The importance of understanding the commandments of God cannot be overstated. The fact that we should be fastidious about doing what He wants is born out in example after example. Nevertheless, even in our sincerity, we can make more of something than God intends and that is just plain dangerous.

Peter experienced what it was like to walk on the wrong side of God when Jesus began to reveal the Master’s Plan, which included a cross; Peter respectfully disagreed. When he took Jesus aside and attempted to correct His “misconception,” Jesus rebuffed him sternly: “Get behind me Satan” (Matthew 16:23). Not what you would call a gentle correction but an indicator of how upsetting it is to God when what He has revealed is twisted into something ungodly.

It is not a new thing to see people’s exuberance outrun their obedience, like that odd reference that comes up at the beginning of King Hezekiah’s reign. His first order of business was getting back to God, which cannot be done with divided religious loyalties. So, along with all the false idols, “He removed the high places and broke the sacred pillars, cut down the wooden image and broke in pieces the bronze serpent that Moses had made; for until those days the children of Israel burned incense to it, and called it Nehushtan” (2 Kings 18:4, emp. JDS). Really? The bronze serpent, which the snake-bit, rebellious Israelites had to look upon in order not to die (Numbers 21:4-9)? It was not only still around but had been turned into an object of worship. All those years and a lot if ignoring God had turned an image He had created for a particular purpose into an idol.

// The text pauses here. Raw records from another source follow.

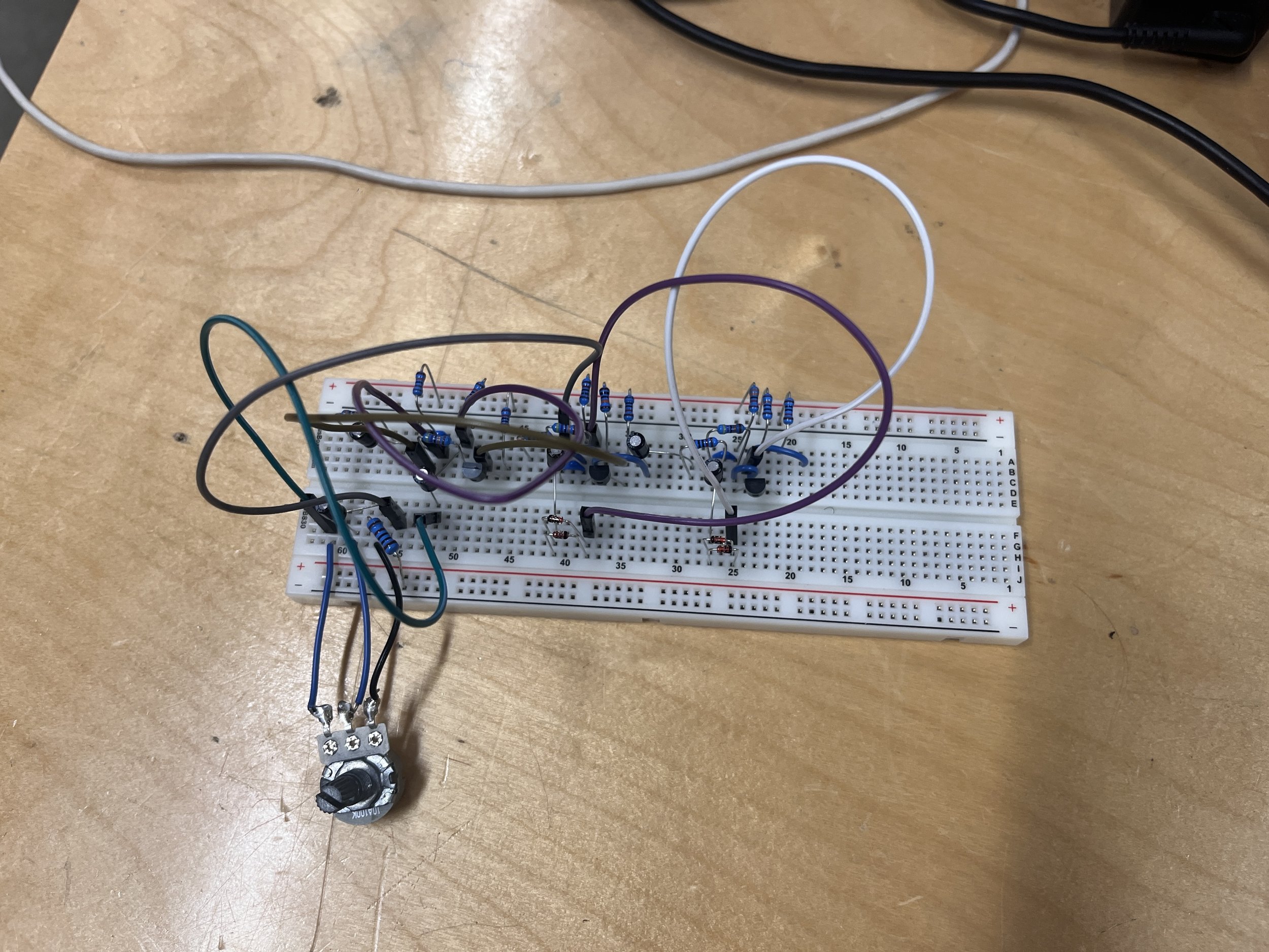 This is what his project looks like right now. He plans to move everything on to a protoboard and 3D print an enclosure for it so it looks like an actual pedal after getting the circuit to work.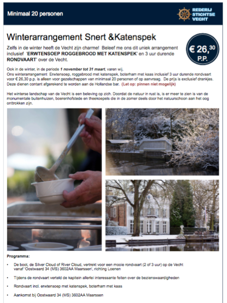 Lees meerZelfs in de herfst en de winter heeft de Vecht zijn charme! Beleef met ons dit unieke stamppotten arrangement.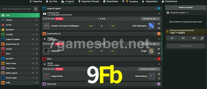 O 9Fb oferece uma grande seleção de opções de apostas em e-sports com probabilidades competitivas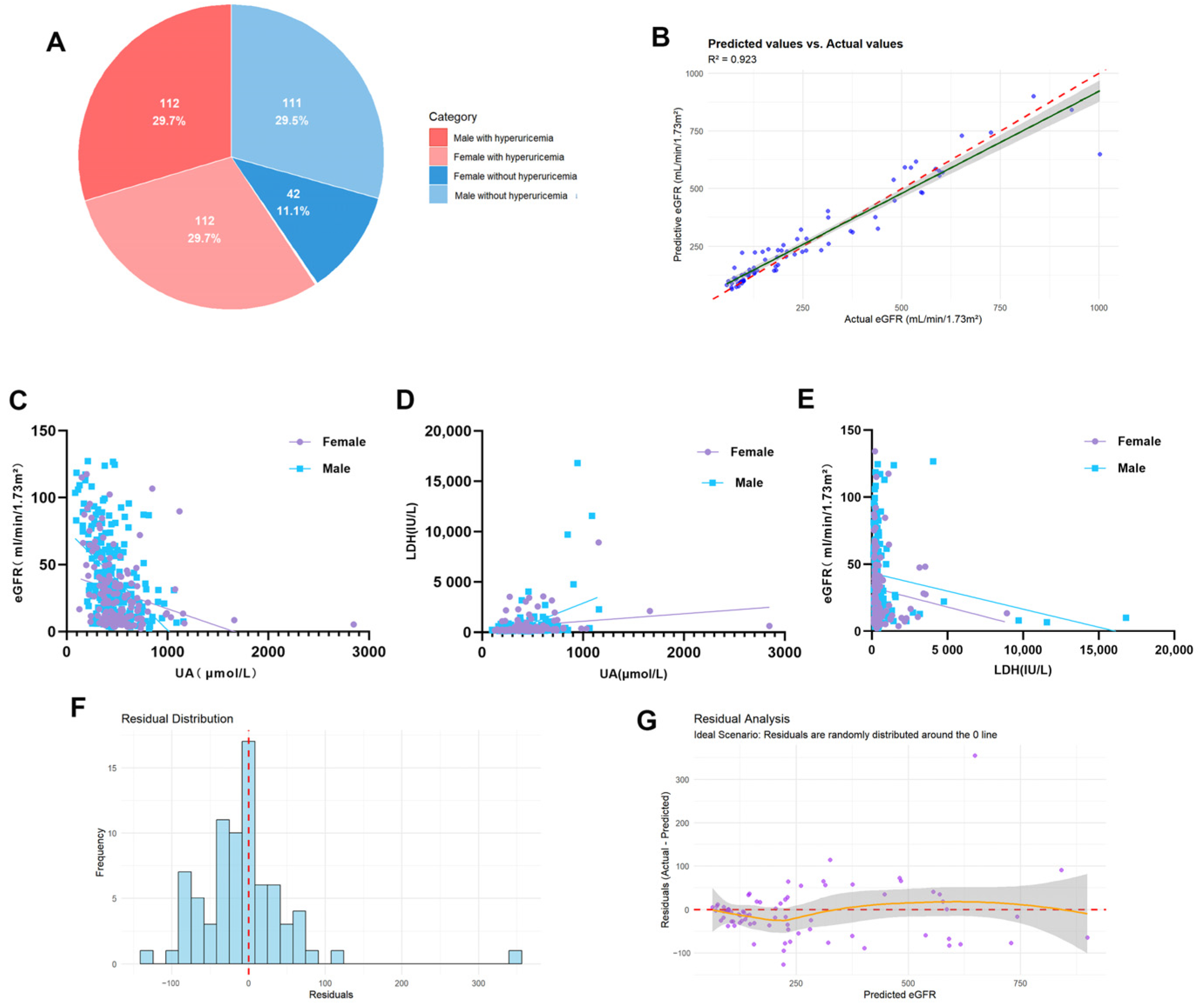 In the statistical tests, Pearson correlation coefficient and partial correlation coefficient were used to evaluate the correlations between UA and eGFR and LDH, as well as between LDH and eGFR. The correlation coefficient r is in the range of [−1, 1], and a p value < 0.05 indicates a significant correlation. A random forest algorithm was used to construct an eGFR prediction model using UA, LDH, age, diabetes, and hypertension as features. The prediction model was evaluated using residual distribution histograms and residual-prediction value plots. The data of this study are expressed as mean ± standard deviation. Analysis of variance (ANOVA) was used for multiple group comparisons, and a difference was considered statistically significant if p < 0.05.

Turning what God requires into more than God intended has no Divine authority. More, less or different concerning God’s directives is certain spiritual death. As Hezekiah attempted to turn people back to God, he did two things that will solve any false way or worship, even today. (1) He trusted God (2 Kings 18:5). God knows all things. He is always clear and concise. He never asks what we are not able to give. There is no excuse for adding to, taking away or changing what God has revealed. (2) He obeyed God’s commandments and he did not depart from them (2 Kings 18:6). Where God has spoken, His is the final word, no ifs, ands or buts; and no excuses.

Because King Hezekiah followed God so meticulously, “The Lord was with him; he prospered wherever he went” (2 Kings 18:7). Our abundant life begins and ends with understanding the commitment we must have to God and His commandments. Any revision of His revelation is elevating a snake.